Improving Health Through Medical Physics

AAPM Newsletter * Volume 42 No.2 * March|April 2017


Picture of Bruce Thomadsen
Physics Summit on Imaging Physics

The situation with imaging physicists is becoming critical. Or maybe not. We wish we knew. There are indications that there may not be enough imaging medical physicists coming into the workforce. Some hospitals and consulting groups cannot find board certified imaging physicists to fill positions. To assess the situation, AAPM President Melissa Martin convened a Physics Summit, with representatives of the American Board of Radiology, the American Board of Medical Physics, the Commission on the Accreditation of Medical Physics Education Programs (CAMPEP), the American College of Radiology, and the Society of Directors of Academic Medical Physics Programs. For AAPM, in addition to the members of the Executive Committee, Jim Dobbins of the Education Council and Joann Prisciandaro, Chair of the Education and Training of Medical Physicists Committee (ETC) participated.

An important part of this situation plays out through the tandem limits to entry: the requirement by the ABR that candidates complete a residency and the limited number of imaging residencies available. Currently, there are 15 CAMPEP accredited imaging residencies and seven more in the process of applying for accreditation. The existing programs graduate about 20 residents per year, and it looks as if those programs in the application process should produce approximately another 10. So, how does that match the need? Aside from the anecdotal comments about the difficulty in finding imaging physicists, we have no real data on the issue. To address the question, the ETC will study the supply and projected need for imaging physicists and CAMPEP will have graduate programs and residencies provide more data on what graduates do after leaving the programs. Funding for the existing imaging residencies remains precarious, sometimes depending on grants.

Regardless of the uncertainty on the supply and demand sides of the equation for imaging physicists, the future of imaging physics is very much more uncertain than the issues discussed at the summit. Many states do require, through regulation, the quality testing of x-ray equipment by qualified medical physicists and federal regulations require medical physics evaluations for mammography units. Aside from such requirements, for those modalities that ACR accredits, qualified medical physicists are responsible for commissioning the equipment and establishing the quality program and reviewing the results. The frequency of review may only be annually, which coincides with most state required QA. Other than this testing and review, further interactions between the medical physicist and the facility depends on the largess of its director since there is no identifiable revenue stream for imaging physics as there is for therapy. And this is a big loss for the facility, the patients, and the medical physicist.

Participants in the 2017 Physics Summit on Imaging Medical Physics Image Participants in the 2017 Physics Summit on Imaging Medical Physics

Another indication of the invisibility of imaging physics comes, for example, with the ACGME Program Requirements for Graduate Medical Education, for example, in Interventional Radiology. Those requirements include that residents must learn diagnostic physics, but there is no requirement that a medical physicist teach the course. The requirements dictate that the program takes place in a large institution to allow for a good number and distribution of cases and to provide meaningful interactions between the residents and other relevant persons, and specifies that the program must have a qualified interventional radiology technologist and a nurse qualified to administer moderate sedation. A medical physicist is not mentioned. The writers of the standard apparently have no understanding or appreciation of the valuable contributions medical physicists make in imaging other than the annual performance checks on the equipment.
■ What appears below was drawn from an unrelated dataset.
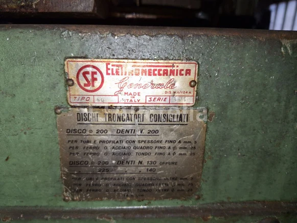 Cirkelzaag voor ijzer Merk: ELECTROMECANICA Soort: 60 Serie: 101 Motor: 1,5 pk, 1500 tpm, slechts 220 V driefasig Met pomp, met rollen aan de voorkant Standaard met 1 snelheid Met ondeugden, links-rechts afstuderen
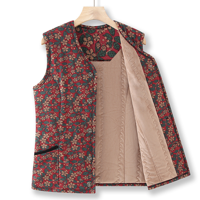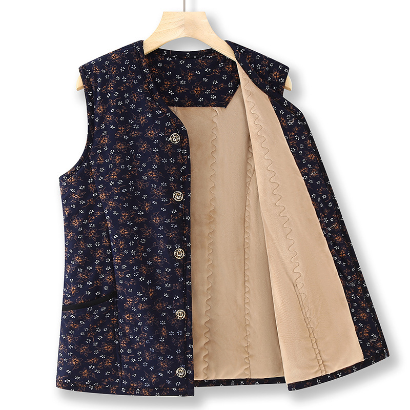 할머니 가을 기모 중년 및 노인 여성 내부 플러스 사이즈 재킷 조끼 어머니의 두꺼운 따뜻한 자켓

Imaging physicists played a more direct role in patient care and improving quality in individual departments in days gone by. Funding for an expanded role of the medical physicists in diagnostic and nuclear medicine facilities will only come if accreditation and education standards call for it. If that were to become the standard, programs to educate and train imaging physicists would have to grow to supply the need. AAPM needs to publicize the role of imaging physicists so both graduate students and the radiological community appreciate the value. Our voice alone will not lead to necessary changes. Medical physics has strong allies in the Radiological Society of North America and the American College of Radiology and we need (there was a word missing here. is “need” the right word?) to work with them to affect change.